PROVIDED RECORDS:
● ● ●

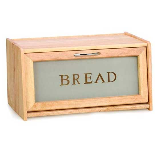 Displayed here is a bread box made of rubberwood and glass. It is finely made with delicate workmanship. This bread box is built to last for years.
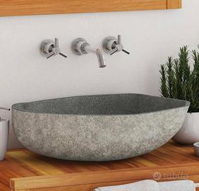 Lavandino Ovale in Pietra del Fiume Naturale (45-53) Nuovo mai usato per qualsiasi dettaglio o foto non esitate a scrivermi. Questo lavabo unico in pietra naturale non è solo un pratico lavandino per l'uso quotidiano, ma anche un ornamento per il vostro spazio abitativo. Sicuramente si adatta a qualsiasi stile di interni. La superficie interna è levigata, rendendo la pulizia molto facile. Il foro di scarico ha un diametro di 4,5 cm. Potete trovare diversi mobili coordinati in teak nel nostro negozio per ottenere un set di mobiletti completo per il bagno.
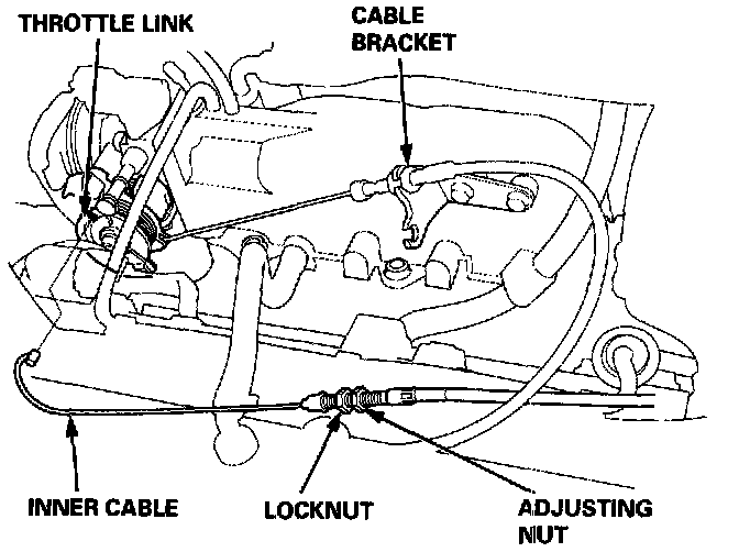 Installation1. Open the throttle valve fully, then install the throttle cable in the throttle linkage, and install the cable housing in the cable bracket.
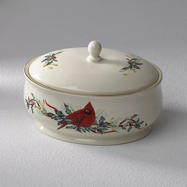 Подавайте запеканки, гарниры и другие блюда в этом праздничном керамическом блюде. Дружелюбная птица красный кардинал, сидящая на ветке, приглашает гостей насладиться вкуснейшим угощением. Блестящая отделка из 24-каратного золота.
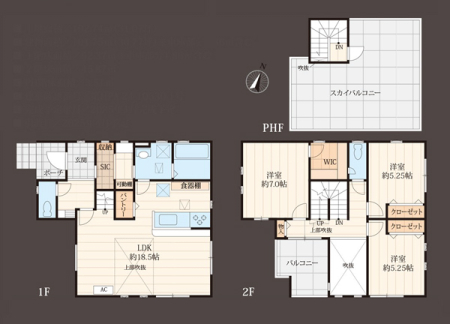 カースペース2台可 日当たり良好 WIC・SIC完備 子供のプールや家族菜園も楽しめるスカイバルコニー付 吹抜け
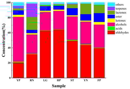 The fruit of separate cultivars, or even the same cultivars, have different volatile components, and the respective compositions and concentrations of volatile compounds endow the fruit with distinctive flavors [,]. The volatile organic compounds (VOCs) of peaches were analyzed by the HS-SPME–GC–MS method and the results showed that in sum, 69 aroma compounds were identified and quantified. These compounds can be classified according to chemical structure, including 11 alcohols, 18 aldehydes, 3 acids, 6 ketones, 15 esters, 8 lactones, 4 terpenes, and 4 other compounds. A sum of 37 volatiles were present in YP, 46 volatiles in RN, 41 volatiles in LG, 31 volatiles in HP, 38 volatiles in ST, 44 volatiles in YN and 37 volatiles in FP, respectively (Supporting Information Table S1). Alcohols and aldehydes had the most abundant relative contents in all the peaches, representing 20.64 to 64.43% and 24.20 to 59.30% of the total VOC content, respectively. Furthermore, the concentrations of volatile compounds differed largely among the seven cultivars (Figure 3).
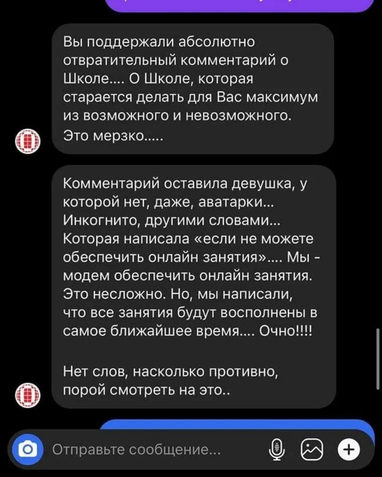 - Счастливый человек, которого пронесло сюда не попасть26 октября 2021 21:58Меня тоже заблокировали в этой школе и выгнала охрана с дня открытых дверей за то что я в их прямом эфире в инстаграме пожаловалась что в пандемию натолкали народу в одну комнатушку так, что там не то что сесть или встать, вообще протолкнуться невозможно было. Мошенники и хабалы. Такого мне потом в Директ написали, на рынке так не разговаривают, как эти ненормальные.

● ● ●

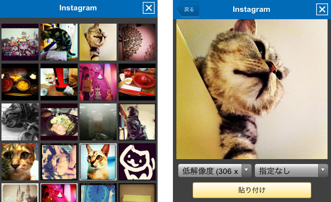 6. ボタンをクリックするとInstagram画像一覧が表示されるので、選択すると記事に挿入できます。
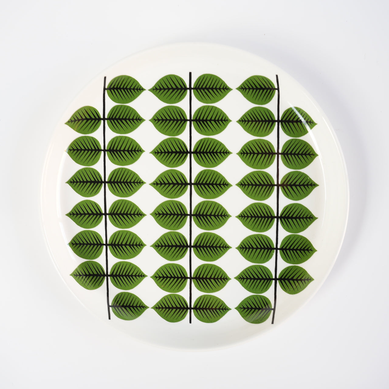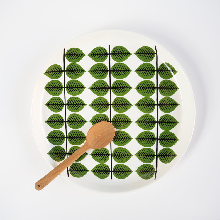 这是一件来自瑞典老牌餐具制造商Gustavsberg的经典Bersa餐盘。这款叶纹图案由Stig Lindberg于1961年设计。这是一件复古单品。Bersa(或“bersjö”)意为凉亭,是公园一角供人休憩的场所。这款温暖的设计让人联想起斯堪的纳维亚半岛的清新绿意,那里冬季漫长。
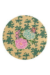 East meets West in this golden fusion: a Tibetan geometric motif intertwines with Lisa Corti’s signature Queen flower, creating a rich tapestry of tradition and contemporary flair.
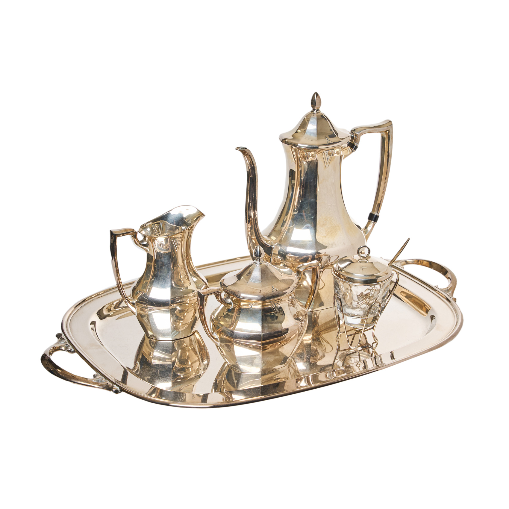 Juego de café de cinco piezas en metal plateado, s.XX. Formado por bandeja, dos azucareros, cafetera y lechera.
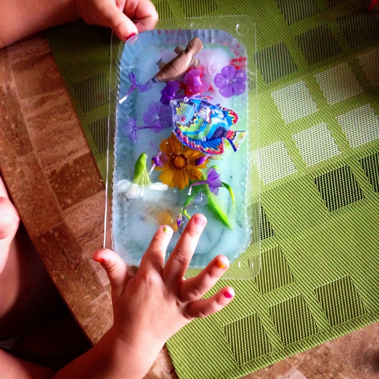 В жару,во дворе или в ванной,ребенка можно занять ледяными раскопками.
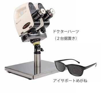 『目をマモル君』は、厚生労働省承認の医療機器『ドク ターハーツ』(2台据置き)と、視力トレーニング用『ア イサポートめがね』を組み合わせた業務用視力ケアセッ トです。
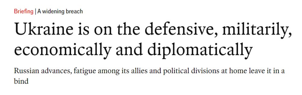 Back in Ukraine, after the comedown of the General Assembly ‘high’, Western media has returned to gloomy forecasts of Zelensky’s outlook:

● ● ●

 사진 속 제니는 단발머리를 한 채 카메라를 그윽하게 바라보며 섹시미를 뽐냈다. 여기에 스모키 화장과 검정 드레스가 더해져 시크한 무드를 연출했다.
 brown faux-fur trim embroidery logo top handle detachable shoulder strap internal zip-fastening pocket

● ● ●

WORK TO COMPLETE:
Using the records above, print exactly the run of lines that starts with the line with "ターハーツ』(2台据置き)と、視力トレーニング用『ア イサポートめがね』を組み合わせた業務用視力ケアセッ トです。" and goes on through the line with "Back in Ukraine, after", pictures excluded.

ANSWER TO THE EXERCISE:
 『目をマモル君』は、厚生労働省承認の医療機器『ドク ターハーツ』(2台据置き)と、視力トレーニング用『ア イサポートめがね』を組み合わせた業務用視力ケアセッ トです。
 Back in Ukraine, after the comedown of the General Assembly ‘high’, Western media has returned to gloomy forecasts of Zelensky’s outlook:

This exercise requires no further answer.